_Problem requirements:_
Write out the full listing exactly as given, minus the images.

════════

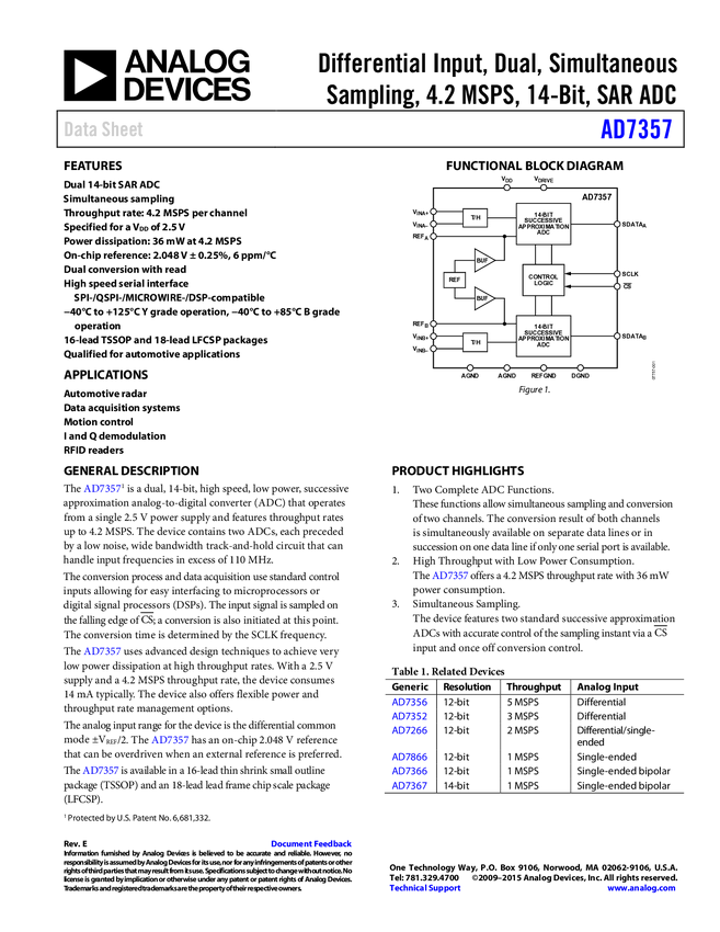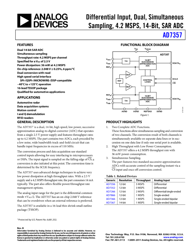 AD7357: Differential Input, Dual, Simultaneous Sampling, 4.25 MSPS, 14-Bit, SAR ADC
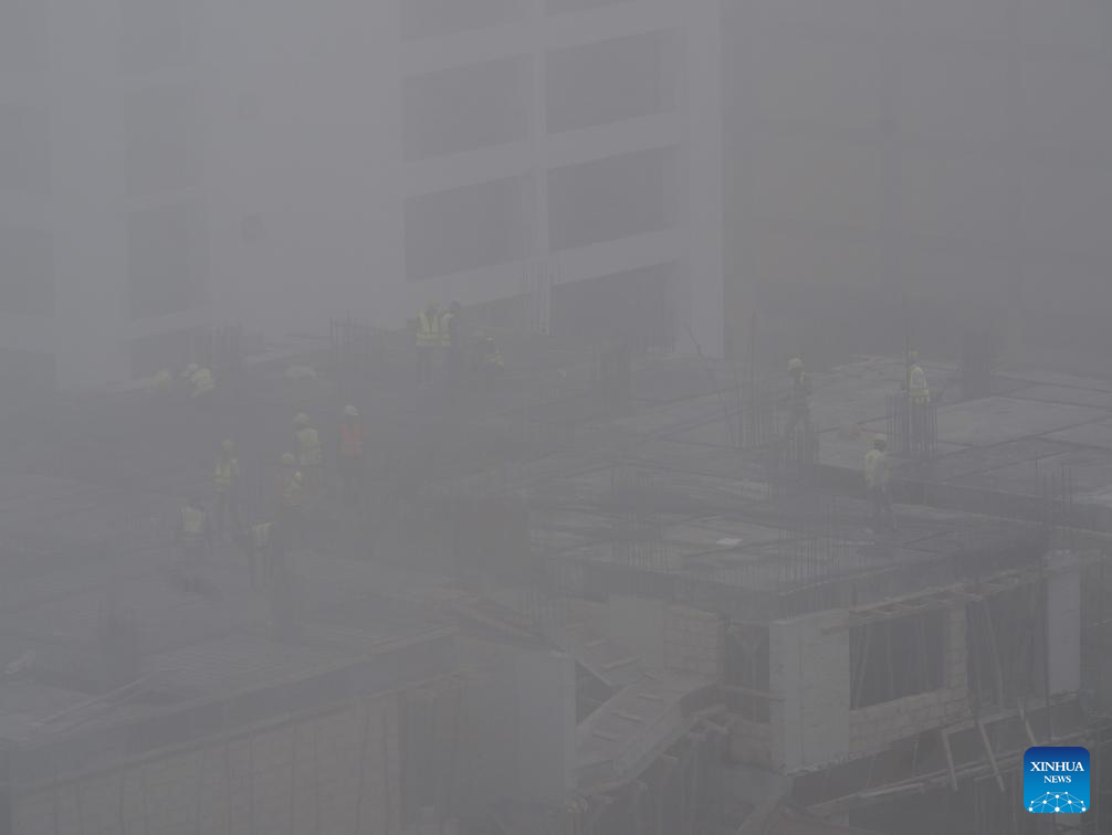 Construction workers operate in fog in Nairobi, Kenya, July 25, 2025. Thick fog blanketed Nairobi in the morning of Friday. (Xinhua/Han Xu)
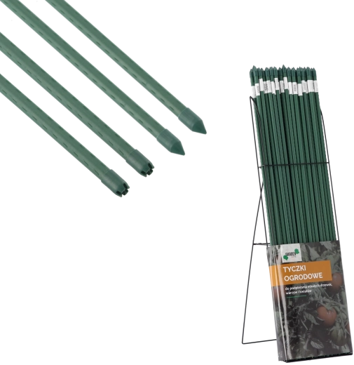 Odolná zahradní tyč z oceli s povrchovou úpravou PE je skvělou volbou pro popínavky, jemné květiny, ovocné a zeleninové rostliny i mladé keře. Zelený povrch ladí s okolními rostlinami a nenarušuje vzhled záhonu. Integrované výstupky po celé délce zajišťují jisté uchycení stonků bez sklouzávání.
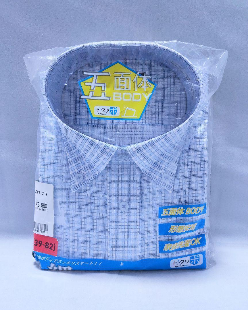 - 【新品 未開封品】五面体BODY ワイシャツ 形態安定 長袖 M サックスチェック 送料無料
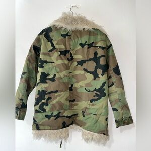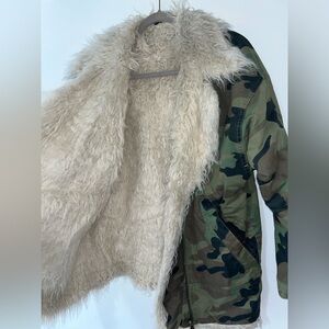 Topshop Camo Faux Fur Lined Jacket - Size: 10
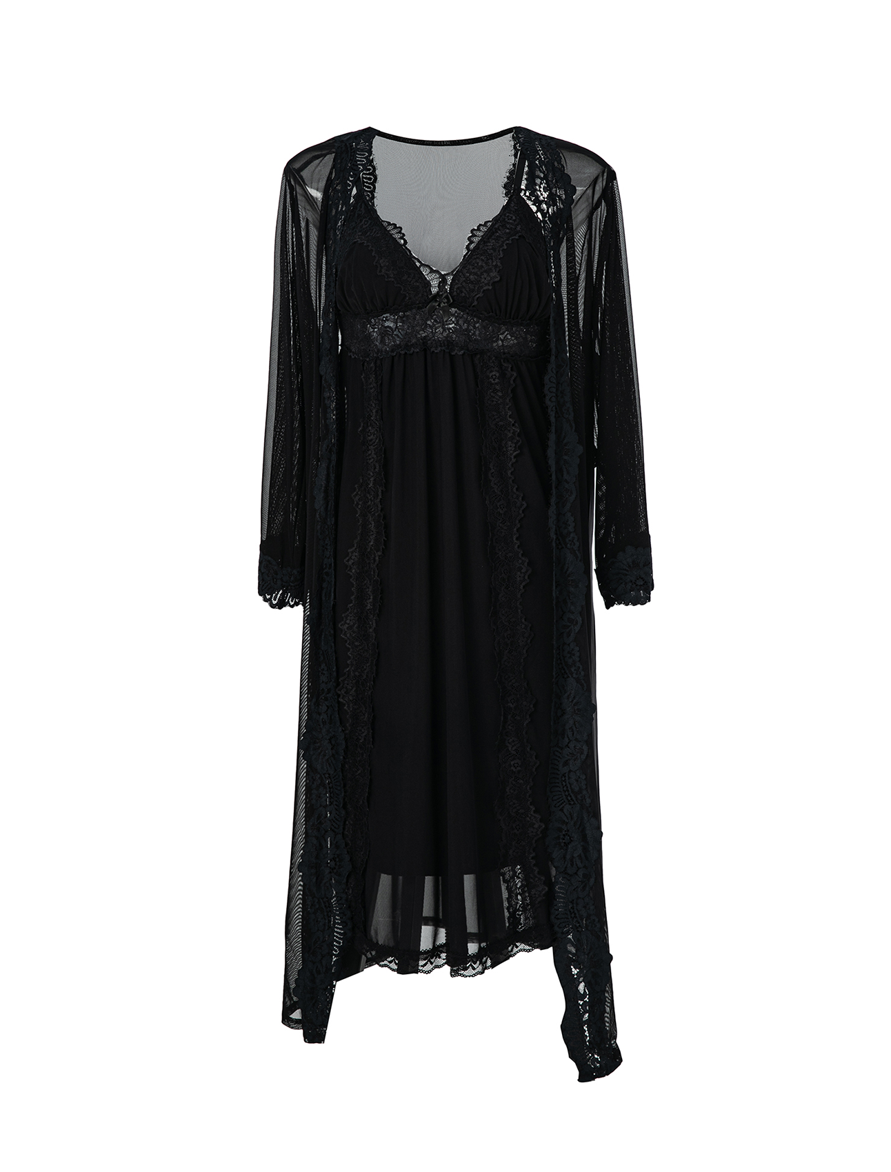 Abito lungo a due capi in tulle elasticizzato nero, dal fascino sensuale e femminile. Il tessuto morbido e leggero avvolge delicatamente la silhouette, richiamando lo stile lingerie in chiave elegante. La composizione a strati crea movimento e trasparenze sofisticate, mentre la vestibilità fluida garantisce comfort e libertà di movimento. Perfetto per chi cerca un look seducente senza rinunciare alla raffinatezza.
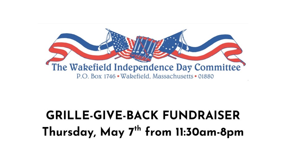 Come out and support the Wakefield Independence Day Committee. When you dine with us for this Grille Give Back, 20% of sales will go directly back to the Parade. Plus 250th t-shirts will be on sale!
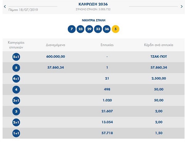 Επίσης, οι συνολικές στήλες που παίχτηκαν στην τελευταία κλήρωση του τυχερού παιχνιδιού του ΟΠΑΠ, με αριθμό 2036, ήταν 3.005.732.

════════

_Result below:_
 AD7357: Differential Input, Dual, Simultaneous Sampling, 4.25 MSPS, 14-Bit, SAR ADC
 Construction workers operate in fog in Nairobi, Kenya, July 25, 2025. Thick fog blanketed Nairobi in the morning of Friday. (Xinhua/Han Xu)
 Odolná zahradní tyč z oceli s povrchovou úpravou PE je skvělou volbou pro popínavky, jemné květiny, ovocné a zeleninové rostliny i mladé keře. Zelený povrch ladí s okolními rostlinami a nenarušuje vzhled záhonu. Integrované výstupky po celé délce zajišťují jisté uchycení stonků bez sklouzávání.
 - 【新品 未開封品】五面体BODY ワイシャツ 形態安定 長袖 M サックスチェック 送料無料
 Topshop Camo Faux Fur Lined Jacket - Size: 10
 Abito lungo a due capi in tulle elasticizzato nero, dal fascino sensuale e femminile. Il tessuto morbido e leggero avvolge delicatamente la silhouette, richiamando lo stile lingerie in chiave elegante. La composizione a strati crea movimento e trasparenze sofisticate, mentre la vestibilità fluida garantisce comfort e libertà di movimento. Perfetto per chi cerca un look seducente senza rinunciare alla raffinatezza.
 Come out and support the Wakefield Independence Day Committee. When you dine with us for this Grille Give Back, 20% of sales will go directly back to the Parade. Plus 250th t-shirts will be on sale!
 Επίσης, οι συνολικές στήλες που παίχτηκαν στην τελευταία κλήρωση του τυχερού παιχνιδιού του ΟΠΑΠ, με αριθμό 2036, ήταν 3.005.732.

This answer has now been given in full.